==== Data records ====
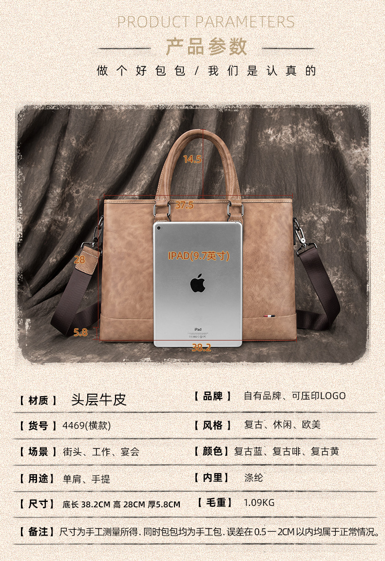 Chiếc cặp nam này làm từ chất liệu da thật, mang đến vẻ ngoại hình lịch sự phù hợp cho công việc. Kiểu dáng cổ điển kết hợp cùng khả năng sử dụng linh hoạt, có thể đeo v hoặc mang tay tùy thích. Bên trong rộng rãi, giúp sắp xếp giấy tờ, máy tính và các vật dụng cá nhân một cách gọn gàng. Sản phẩm phù hợp để sử dụng hằng ngày khi đi làm hoặc trong những dịp cần đến. | Tên sản phẩm: Túi Xách Nam Chất Liệu Da Bò Phục Cổ Cổ Điển - Túi Xách Ví Nam | Mã sản phẩm: A4221 - Giá: 1.900.000đ | Mã nhà sản xuất: GUDNG-G05Hình ảnh sản phẩm
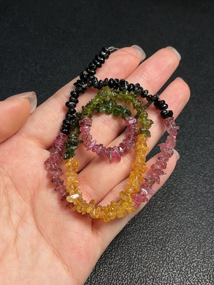 C35123426 Tourmaline bead necklace with visible organic inclusions, total weight approximately 13.95g, bead size about 4mm
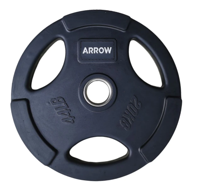The ARROW Commercial Rubber Coated Olympic Weight Plates , the perfect choice for weightlifting and barbell workouts in both home and commercial gyms. These weight plates are designed to withstand heavy use and provide durability and longevity. With their tri-grip handles, they offer versatility for various exercises, making them a practical and efficient choice for your strength training routine.
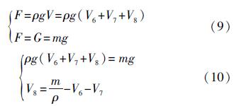 式中:h為直筒底部距離浮球浸在水中時水面的高度。由于浮球在水中的浮力等于它自身的重力,由此可得:
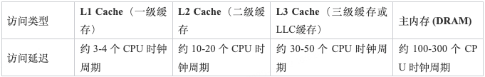 4.1. 问题描述Cache造成的性能差异则发生在不同型号的CPU之间,由于不同型号 CPU 在硬件设计和缓存架构上的差异,同一份业务代码在不同机型上会产生不同的缓存命中率,从而导致性能表现出现差距。典型的CPU在不同层级cache的访问速度差异如表1所示。
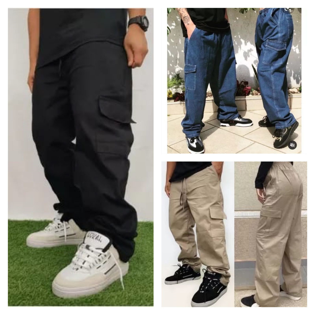 CALÇA CARGO BEGE MASCULINA E FEMININA LARGA 6 BOLSOS JEANS OU SARJA UNISSEX ESTILO SKATE
====
[Exercise]
Stop at the line containing "C35123426 Tourmaline bead" and include it. Everything from the first line of the material up to there is to be repeated exactly, leaving out pictures.

[Solution for this exercise]
 Chiếc cặp nam này làm từ chất liệu da thật, mang đến vẻ ngoại hình lịch sự phù hợp cho công việc. Kiểu dáng cổ điển kết hợp cùng khả năng sử dụng linh hoạt, có thể đeo v hoặc mang tay tùy thích. Bên trong rộng rãi, giúp sắp xếp giấy tờ, máy tính và các vật dụng cá nhân một cách gọn gàng. Sản phẩm phù hợp để sử dụng hằng ngày khi đi làm hoặc trong những dịp cần đến. | Tên sản phẩm: Túi Xách Nam Chất Liệu Da Bò Phục Cổ Cổ Điển - Túi Xách Ví Nam | Mã sản phẩm: A4221 - Giá: 1.900.000đ | Mã nhà sản xuất: GUDNG-G05Hình ảnh sản phẩm
 C35123426 Tourmaline bead necklace with visible organic inclusions, total weight approximately 13.95g, bead size about 4mm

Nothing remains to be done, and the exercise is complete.